EXERCISE
Of all the entries below, retype only the lines from the one with "Discover a piece" through the one with "など収容された当初はみんなが布団でごろ寝 収容しきれなくなり3段ベッド 中庭への通路その手前に服を脱ぐ部屋", exactly as they appear.

SUPPLIED MATERIAL
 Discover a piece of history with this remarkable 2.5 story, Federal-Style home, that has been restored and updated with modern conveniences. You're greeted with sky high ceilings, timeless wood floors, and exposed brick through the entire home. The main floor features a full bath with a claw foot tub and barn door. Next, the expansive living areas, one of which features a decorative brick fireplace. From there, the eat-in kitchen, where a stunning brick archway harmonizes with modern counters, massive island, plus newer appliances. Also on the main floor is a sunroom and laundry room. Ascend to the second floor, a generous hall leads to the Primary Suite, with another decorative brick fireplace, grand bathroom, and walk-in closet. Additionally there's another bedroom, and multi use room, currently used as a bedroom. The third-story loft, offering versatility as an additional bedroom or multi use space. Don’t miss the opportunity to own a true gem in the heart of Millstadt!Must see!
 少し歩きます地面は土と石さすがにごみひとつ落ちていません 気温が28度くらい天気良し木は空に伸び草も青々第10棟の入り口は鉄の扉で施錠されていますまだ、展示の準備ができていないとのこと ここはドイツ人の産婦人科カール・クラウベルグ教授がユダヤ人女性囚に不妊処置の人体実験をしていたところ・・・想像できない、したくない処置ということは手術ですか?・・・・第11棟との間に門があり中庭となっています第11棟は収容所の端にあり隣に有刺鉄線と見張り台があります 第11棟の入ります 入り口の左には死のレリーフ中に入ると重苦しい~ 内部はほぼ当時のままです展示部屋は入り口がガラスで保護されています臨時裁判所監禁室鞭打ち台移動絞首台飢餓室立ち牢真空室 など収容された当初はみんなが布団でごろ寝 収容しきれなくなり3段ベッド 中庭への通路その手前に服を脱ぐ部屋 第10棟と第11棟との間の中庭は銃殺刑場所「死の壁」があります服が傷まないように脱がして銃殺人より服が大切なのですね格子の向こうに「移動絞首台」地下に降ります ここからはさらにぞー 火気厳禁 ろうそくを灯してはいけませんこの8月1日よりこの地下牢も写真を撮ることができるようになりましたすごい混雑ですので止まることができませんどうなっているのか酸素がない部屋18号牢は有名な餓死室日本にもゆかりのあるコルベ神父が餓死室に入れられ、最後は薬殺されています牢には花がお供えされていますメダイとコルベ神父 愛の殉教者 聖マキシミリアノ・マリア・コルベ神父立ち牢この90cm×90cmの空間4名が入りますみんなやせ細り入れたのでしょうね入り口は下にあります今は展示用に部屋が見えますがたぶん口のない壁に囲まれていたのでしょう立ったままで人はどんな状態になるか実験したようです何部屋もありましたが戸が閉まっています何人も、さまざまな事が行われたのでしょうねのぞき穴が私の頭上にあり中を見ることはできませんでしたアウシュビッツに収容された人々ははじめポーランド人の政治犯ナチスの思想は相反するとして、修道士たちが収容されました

...

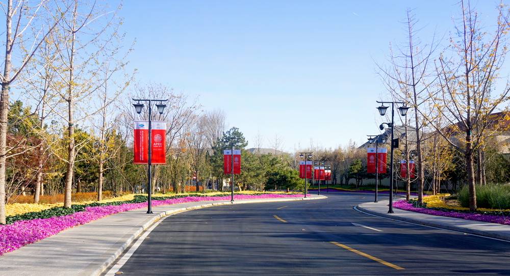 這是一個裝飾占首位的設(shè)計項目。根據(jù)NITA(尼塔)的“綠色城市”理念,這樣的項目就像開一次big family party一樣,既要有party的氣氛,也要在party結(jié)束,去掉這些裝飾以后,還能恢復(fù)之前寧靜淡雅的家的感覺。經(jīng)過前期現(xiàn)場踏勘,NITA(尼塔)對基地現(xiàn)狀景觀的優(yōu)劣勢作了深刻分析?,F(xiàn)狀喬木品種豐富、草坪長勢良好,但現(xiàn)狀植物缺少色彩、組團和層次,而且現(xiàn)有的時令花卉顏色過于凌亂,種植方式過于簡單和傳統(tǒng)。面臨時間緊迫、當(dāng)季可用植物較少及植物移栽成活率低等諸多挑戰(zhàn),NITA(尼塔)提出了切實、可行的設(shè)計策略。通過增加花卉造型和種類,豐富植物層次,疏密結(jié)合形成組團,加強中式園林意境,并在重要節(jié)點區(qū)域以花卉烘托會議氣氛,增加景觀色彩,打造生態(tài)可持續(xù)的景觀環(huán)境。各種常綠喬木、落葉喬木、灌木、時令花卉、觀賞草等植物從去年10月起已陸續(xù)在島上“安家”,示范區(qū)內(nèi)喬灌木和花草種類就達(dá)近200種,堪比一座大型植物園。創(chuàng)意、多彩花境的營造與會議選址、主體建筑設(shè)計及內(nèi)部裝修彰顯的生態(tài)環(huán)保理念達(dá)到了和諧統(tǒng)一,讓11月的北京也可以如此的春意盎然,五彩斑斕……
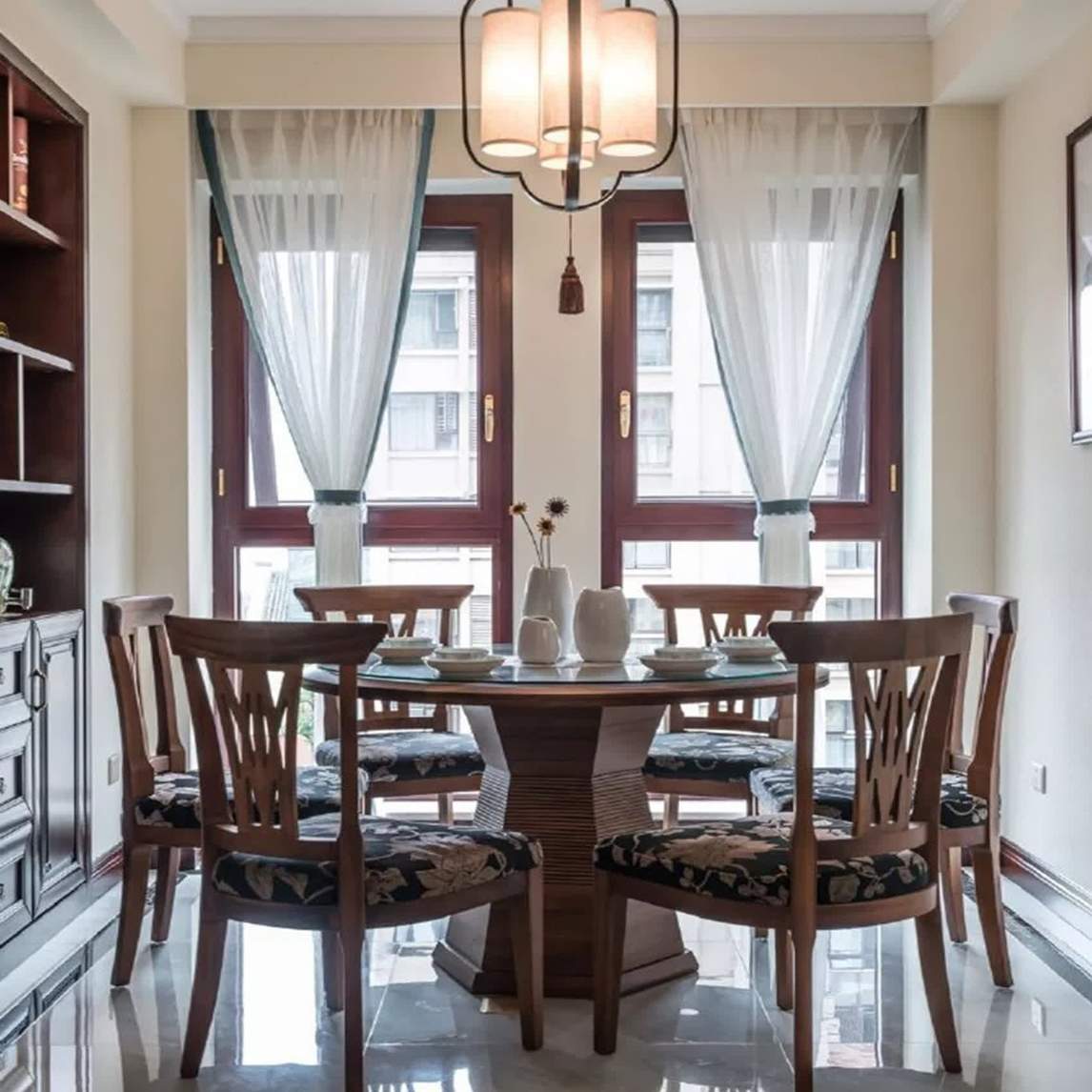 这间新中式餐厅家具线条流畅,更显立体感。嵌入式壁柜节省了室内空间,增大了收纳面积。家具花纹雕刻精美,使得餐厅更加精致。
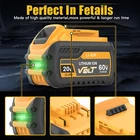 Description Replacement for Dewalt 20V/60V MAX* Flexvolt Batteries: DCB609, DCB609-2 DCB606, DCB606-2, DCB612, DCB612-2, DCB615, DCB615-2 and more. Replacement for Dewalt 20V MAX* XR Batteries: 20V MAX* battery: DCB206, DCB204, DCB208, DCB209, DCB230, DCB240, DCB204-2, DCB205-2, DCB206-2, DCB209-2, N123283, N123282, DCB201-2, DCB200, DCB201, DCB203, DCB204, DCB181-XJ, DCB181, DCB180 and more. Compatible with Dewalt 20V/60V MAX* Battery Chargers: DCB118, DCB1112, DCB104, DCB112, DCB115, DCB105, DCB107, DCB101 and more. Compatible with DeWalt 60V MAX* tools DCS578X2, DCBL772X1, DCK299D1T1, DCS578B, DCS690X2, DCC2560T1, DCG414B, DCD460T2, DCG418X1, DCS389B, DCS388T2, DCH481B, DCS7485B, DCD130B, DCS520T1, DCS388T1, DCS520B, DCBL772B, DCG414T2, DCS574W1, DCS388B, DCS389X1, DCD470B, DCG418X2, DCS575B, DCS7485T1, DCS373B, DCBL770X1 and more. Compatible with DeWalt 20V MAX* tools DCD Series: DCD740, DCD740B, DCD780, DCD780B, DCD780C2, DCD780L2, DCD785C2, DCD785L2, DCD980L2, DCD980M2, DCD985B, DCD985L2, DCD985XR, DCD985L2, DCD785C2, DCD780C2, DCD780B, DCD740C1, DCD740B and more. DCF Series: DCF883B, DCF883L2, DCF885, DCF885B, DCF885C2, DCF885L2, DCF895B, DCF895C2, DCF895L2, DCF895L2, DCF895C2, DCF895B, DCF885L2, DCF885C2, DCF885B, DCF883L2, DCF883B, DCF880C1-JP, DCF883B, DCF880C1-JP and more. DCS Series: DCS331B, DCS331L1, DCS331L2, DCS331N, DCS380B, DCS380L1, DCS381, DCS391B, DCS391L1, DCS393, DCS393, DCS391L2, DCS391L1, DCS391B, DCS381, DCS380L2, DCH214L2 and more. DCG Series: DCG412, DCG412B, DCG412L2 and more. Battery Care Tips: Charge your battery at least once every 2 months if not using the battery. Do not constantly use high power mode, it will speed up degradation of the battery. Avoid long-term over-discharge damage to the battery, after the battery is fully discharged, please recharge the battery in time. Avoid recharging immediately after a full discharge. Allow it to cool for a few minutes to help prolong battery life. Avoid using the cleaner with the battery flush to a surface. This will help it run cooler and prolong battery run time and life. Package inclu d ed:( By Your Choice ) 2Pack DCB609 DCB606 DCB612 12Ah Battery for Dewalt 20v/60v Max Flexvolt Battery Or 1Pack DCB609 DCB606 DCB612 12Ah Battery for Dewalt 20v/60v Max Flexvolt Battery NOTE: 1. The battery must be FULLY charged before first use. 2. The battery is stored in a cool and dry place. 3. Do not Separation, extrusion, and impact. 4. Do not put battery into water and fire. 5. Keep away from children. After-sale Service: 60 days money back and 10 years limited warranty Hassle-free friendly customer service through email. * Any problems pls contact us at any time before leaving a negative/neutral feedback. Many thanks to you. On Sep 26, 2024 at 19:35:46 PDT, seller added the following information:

ANSWER
 Discover a piece of history with this remarkable 2.5 story, Federal-Style home, that has been restored and updated with modern conveniences. You're greeted with sky high ceilings, timeless wood floors, and exposed brick through the entire home. The main floor features a full bath with a claw foot tub and barn door. Next, the expansive living areas, one of which features a decorative brick fireplace. From there, the eat-in kitchen, where a stunning brick archway harmonizes with modern counters, massive island, plus newer appliances. Also on the main floor is a sunroom and laundry room. Ascend to the second floor, a generous hall leads to the Primary Suite, with another decorative brick fireplace, grand bathroom, and walk-in closet. Additionally there's another bedroom, and multi use room, currently used as a bedroom. The third-story loft, offering versatility as an additional bedroom or multi use space. Don’t miss the opportunity to own a true gem in the heart of Millstadt!Must see!
 少し歩きます地面は土と石さすがにごみひとつ落ちていません 気温が28度くらい天気良し木は空に伸び草も青々第10棟の入り口は鉄の扉で施錠されていますまだ、展示の準備ができていないとのこと ここはドイツ人の産婦人科カール・クラウベルグ教授がユダヤ人女性囚に不妊処置の人体実験をしていたところ・・・想像できない、したくない処置ということは手術ですか?・・・・第11棟との間に門があり中庭となっています第11棟は収容所の端にあり隣に有刺鉄線と見張り台があります 第11棟の入ります 入り口の左には死のレリーフ中に入ると重苦しい~ 内部はほぼ当時のままです展示部屋は入り口がガラスで保護されています臨時裁判所監禁室鞭打ち台移動絞首台飢餓室立ち牢真空室 など収容された当初はみんなが布団でごろ寝 収容しきれなくなり3段ベッド 中庭への通路その手前に服を脱ぐ部屋 第10棟と第11棟との間の中庭は銃殺刑場所「死の壁」があります服が傷まないように脱がして銃殺人より服が大切なのですね格子の向こうに「移動絞首台」地下に降ります ここからはさらにぞー 火気厳禁 ろうそくを灯してはいけませんこの8月1日よりこの地下牢も写真を撮ることができるようになりましたすごい混雑ですので止まることができませんどうなっているのか酸素がない部屋18号牢は有名な餓死室日本にもゆかりのあるコルベ神父が餓死室に入れられ、最後は薬殺されています牢には花がお供えされていますメダイとコルベ神父 愛の殉教者 聖マキシミリアノ・マリア・コルベ神父立ち牢この90cm×90cmの空間4名が入りますみんなやせ細り入れたのでしょうね入り口は下にあります今は展示用に部屋が見えますがたぶん口のない壁に囲まれていたのでしょう立ったままで人はどんな状態になるか実験したようです何部屋もありましたが戸が閉まっています何人も、さまざまな事が行われたのでしょうねのぞき穴が私の頭上にあり中を見ることはできませんでしたアウシュビッツに収容された人々ははじめポーランド人の政治犯ナチスの思想は相反するとして、修道士たちが収容されました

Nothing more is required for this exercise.